Enabling user provisioning for your enterprise

To perform provisioning actions on your instance, you will create a built-in user account and promote the account to an enterprise owner.

After you enable SCIM on a GitHub Enterprise Server instance, all user accounts are suspended. The built-in user account will continue to perform provisioning actions. After you grant a user access to your instance from your IdP, the IdP will communicate with the instance using SCIM to unsuspend the user's account.

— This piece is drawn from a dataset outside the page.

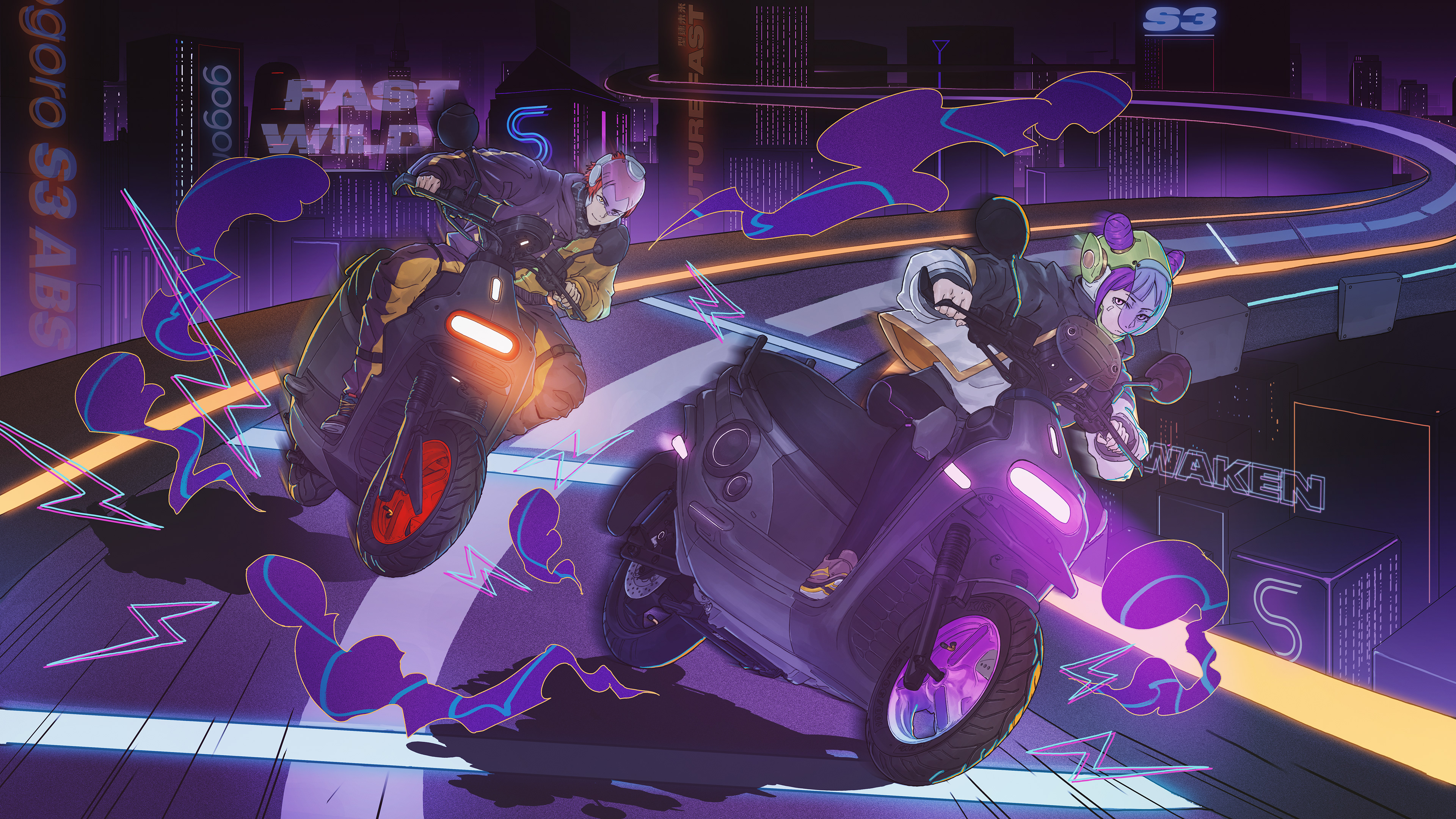因此我們期望呈現出廢棄美與光感科技調的賽博龐克風格,與帥氣的男女主角共同競速未來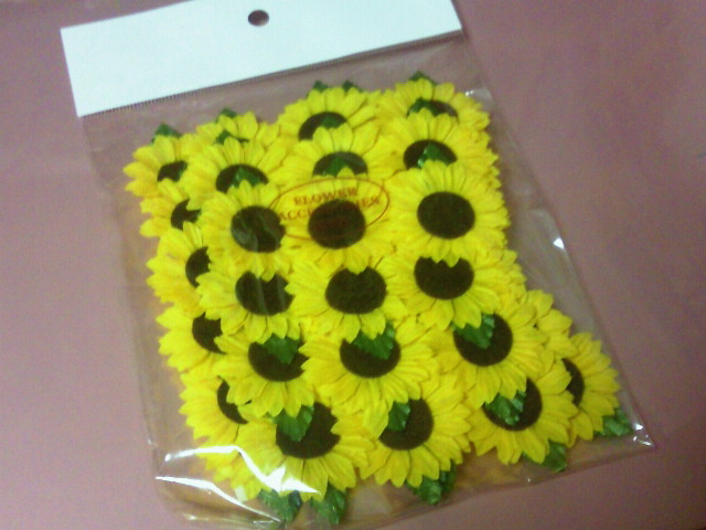 ラッピング用品の専門店で買ったひまわりの飾り。

  1. Create a built-in user account to perform provisioning actions on your instance. For more information, see "Allowing built-in authentication for users outside your provider."

  2. Promote the dedicated user account to an enterprise owner. For more information, see "Inviter des personnes à gérer votre entreprise."

  3. Sign into your instance as the new enterprise owner.

  4. Create a personal access token (classic) with admin:enterprise scope. Do not specify an expiration date for the personal access token (classic). For more information, see "Gestion de vos jetons d'accès personnels."

    Warning: Ensure that you don't specify an expiration date for the personal access token (classic). If you specify an expiration date, SCIM will no longer function after the expiration date passes.

    Note: You'll need this personal access token to test the SCIM configuration, and to configure the application for SCIM on your IdP. Store the token securely in a password manager until you need the token again later in these instructions.

  5. Connexion SSH à votre instance GitHub Enterprise Server. Si votre instance comprend plusieurs nœuds, par exemple si la haute disponibilité ou la géoréplication sont configurées, connectez-vous via SSH au nœud principal. Si vous utilisez un cluster, vous pouvez vous connecter via SSH à n’importe quel nœud. Remplacez HOSTNAME par le nom d’hôte de votre instance, le nom d’hôte ou l’adresse IP d’un nœud. Pour plus d’informations, consultez « Accès à l’interpréteur de commandes d’administration (SSH) ».

    Shell
    ssh -p 122 admin@HOSTNAME
    
  6. To enable SCIM, run the commands provided to you by your account manager on L’équipe commerciale GitHub.

  7. Attendez la fin de l’exécution de la configuration.

  8. To validate that SCIM is operational, run the following commands. Replace PAT FROM STEP 3 and YOUR INSTANCE'S HOSTNAME with actual values.

    $ GHES_PAT="PAT FROM STEP 3"
    $ GHES_HOSTNAME="YOUR INSTANCE'S HOSTNAME"
    $ curl --location --request GET 'https://$GHES_HOSTNAME/api/v3/scim/v2/Users' \
        --header 'Content-Type: application/scim' \
        --header 'Authorization: Bearer $GHES_PAT'
    

    The command should return an empty array.

  9. Configure user provisioning in the application for GitHub Enterprise Server on your IdP. To request documentation for a supported IdP, contact your account manager on L’équipe commerciale GitHub. If your IdP is unsupported, you must create the application and configure SCIM manually.